Step 5 – add a generic Copy activity inner the ForEach activity

Inner the ForEach activity, add the Copy activity with the Source and Sink pointing to the generic source dataset and sink dataset we created earlier and pass the corresponding source-sink settings of current data entity item, such as @item().Sink_Item for the file name of the sink.


At this point, the source-sink pattern is all set. When the pipeline runs, a copy channel is created and executed for each data entity defined in the configuration database table.


Key-Value Pattern

To implement the Key Value pattern in Azure Data Factory, the following steps need to be followed:

  • Step 1 – create activity settings key-value configuration table
  • Step 2 – create stored procedure to transform the key-value table
  • Step 3 – use Lookup activity to retrieve activity settings from configuration table
  • Step 4 – apply settings on ADF activities

Step 1 – create activity settings key-value configuration table

Create a database table with columns defining pipeline name, activity type, activity name, activity setting key, activity setting value.

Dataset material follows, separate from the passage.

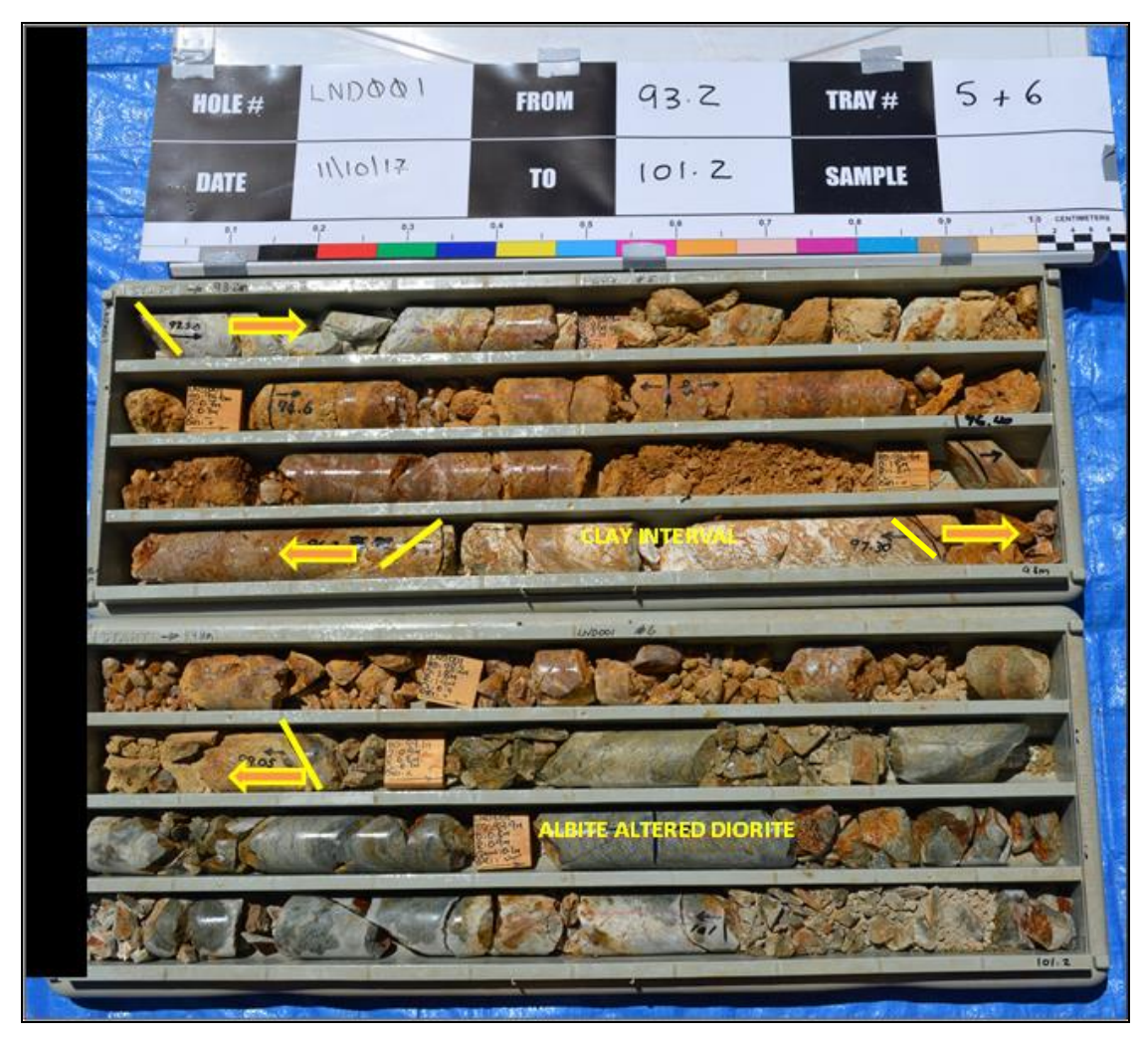
Figure 2 Brecciated and strongly ferruginous (brown) quartz vein system located on the contact between felsic schist and diorite. Vein interval is shown by the yellow arrows.

Step 2 – create stored procedure to transform the key-value table 

The ADF Lookup activity is not working in the key-value type dataset. Therefore, we need to convert the key-value table into a single data row with column header as the activity setting key and the column value as the activity setting value.


We can use T-SQL PIVOT operator to convert the key-value table into the single row table. However, as the number of records in the key-value table is not fixed, we cannot specify the keys for pivot. Instead, we need to fetch the keys from the key-value table first and author the PIVOT operation in dynamical sql. The snapshot below shows the stored procedure I have created for convert the key-value table.


Step 3 – use Lookup activity to retrieve activity settings from configuration table

In the Azure Data Factory pipelines you are creating, at the start of the activities chain, Add a Lookup activity and use the stored procedure created earlier to retrieve the key-value table and convert it into the single row format to be readable for the Lookup activity.  On the Lookup activity, tick the ‘First row only’ on as the result of the Lookup activity will be the single row dataset.


The snapshot below shows what the output of the Lookup activity looks like.


Step 4 – apply settings on ADF activities

From the output of the Lookup activity, the other ADF activities chained after can access the value of an activity setting as @activity(‘{lookup activity name}’).output.firstRow.{column name for the key}.